4. Pagination Patterns

Probe the maximum page size first

Before paginating, test whether the API accepts larger page sizes than the frontend defaults. Many APIs let you request 250–500 items per page even if the UI only shows 20. This dramatically reduces the number of requests and lowers the chance of hitting rate limits.

# During discovery, probe the max page size:
for size in [50, 100, 250, 500]:
    resp = client.get(url, params={"limit": size, "page": 1})
    if resp.status_code == 200 and len(resp.json().get("items", [])) > 0:
        log.info("Page size %d works (%d items)", size, len(resp.json()["items"]))
    else:
        log.info("Page size %d rejected or capped", size)
        break

Page-number based

page = 1
while True:
    data = client.get(url, params={"page": page, "per_page": 20}).json()
    items = data["items"]
    if not items:
        break
    yield from items
    page += 1
    time.sleep(REQUEST_DELAY)

Cursor-based

cursor = None
while True:
    params = {"limit": 20}
    if cursor:
        params["cursor"] = cursor
    data = client.get(url, params=params).json()
    yield from data["items"]
    cursor = data.get("next_cursor")
    if not cursor:
        break
    time.sleep(REQUEST_DELAY)

Offset-based

offset = 0
limit = 20
while True:
    data = client.get(url, params={"offset": offset, "limit": limit}).json()
    items = data["results"]
    if not items:
        break
    yield from items
    offset += limit
    time.sleep(REQUEST_DELAY)

Next-URL based

next_url = initial_url
while next_url:
    data = client.get(next_url).json()
    yield from data["results"]
    next_url = data.get("next")  # full URL to next page
    time.sleep(REQUEST_DELAY)

Infinite scroll / load-more (JS required)

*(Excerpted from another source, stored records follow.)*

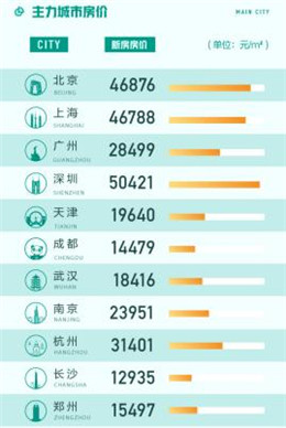 58同城、安居客《8月國民安居指數報告》顯示,8月67城新房在線均價為16481元/㎡,環比上漲0.14%,在67城中有33城新房在線均價環比上漲。主力城市中深圳相比上月略微下降,新房在線均價為50421元/㎡。北京、上海新房均價分別以46876元/㎡和46788元/㎡排名第二和第三。廣州、南京新房在線均價均在2萬元/㎡水平之上,新一線城市中的杭州新房在線均價則達到31401元/㎡,天津跌出2萬元/㎡行列,為19640元/㎡。城市房價環比漲幅TOP5的城市分別為無錫、呼和浩特、漳州、西安和九江,其中無錫環比增幅最高達到8.3%,呼和浩特和漳州環比漲幅也都超過7%。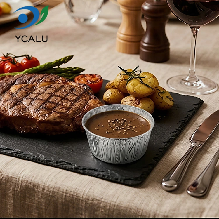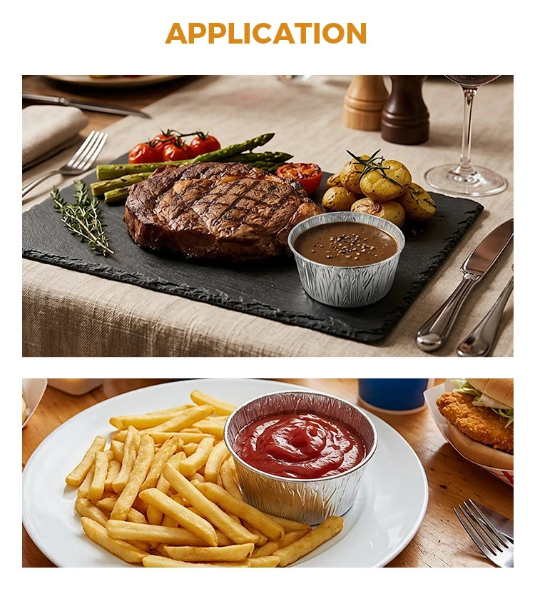 • செலவழிப்பு சுற்று சாஸ் சில்வர் அலுமினியம் ஃபாயில் உணவு கொள்கலன்கள்செலவழிப்பு சுற்று சாஸ் சில்வர் அலுமினியம் ஃபாயில் உணவு கொள்கலன்கள்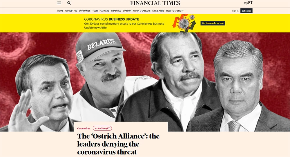 В апреле Financial Times опубликовала статью о политических лидерах, игнорирующих опасность коронавируса. В так называемый «страусиный альянс» издание включило Жаира Болсонару, Александра Лукашенко, Даниэля Ортегу и Гурбангулы Бердымухамедова.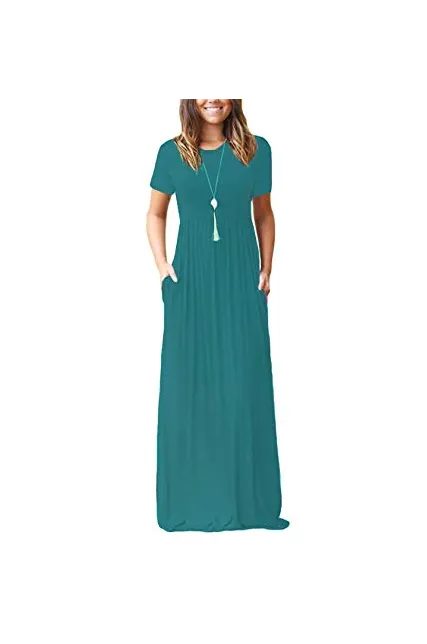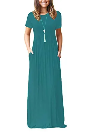 - Features: Round neck,short sleeves,two side pockets,floor length,elastic at waist,not lined,maxi dresses,casual basic style.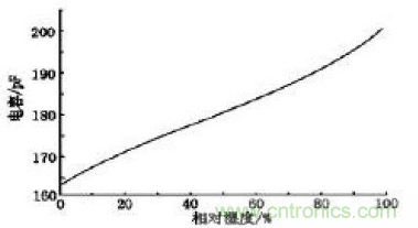 圖1:HS1101濕度-電容響應(yīng)曲線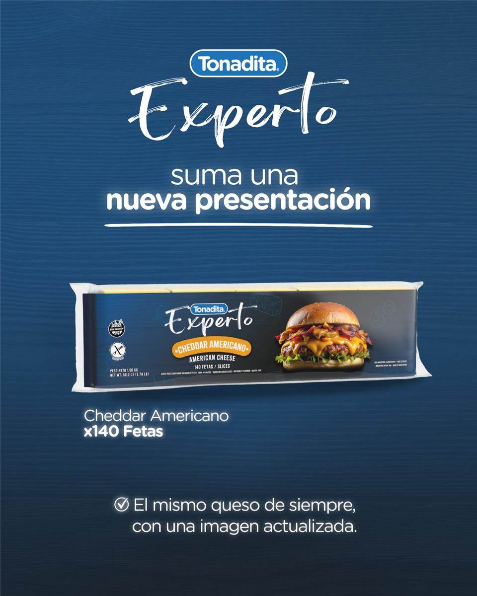 queso cheddar tipo americano en fetas ( pack x 140 fetas) peso total 1.66 kg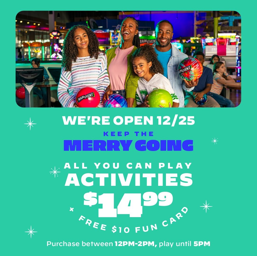 Christmas morning is gone in a flash, but you can keep the magic going all afternoon at Main Event! Get All You Can Play Activities for $14.99 and a free $10 fun card. Must purchase between noon and 2PM valid until 5PM.

If all HTTP approaches fail for pagination, use Playwright:

async def scroll_and_collect(page):
    previous_height = 0
    while True:
        await page.evaluate("window.scrollTo(0, document.body.scrollHeight)")
        await page.wait_for_timeout(2000)
        current_height = await page.evaluate("document.body.scrollHeight")
        if current_height == previous_height:
            break
        previous_height = current_height

5. Playwright Stealth

Only use when httpx and curl_cffi both fail. Apply ALL of these anti-detection measures.

# /// script
# requires-python = ">=3.11"
# dependencies = [
#     "playwright",
# ]
# ///
"""Run `playwright install chromium` before first use."""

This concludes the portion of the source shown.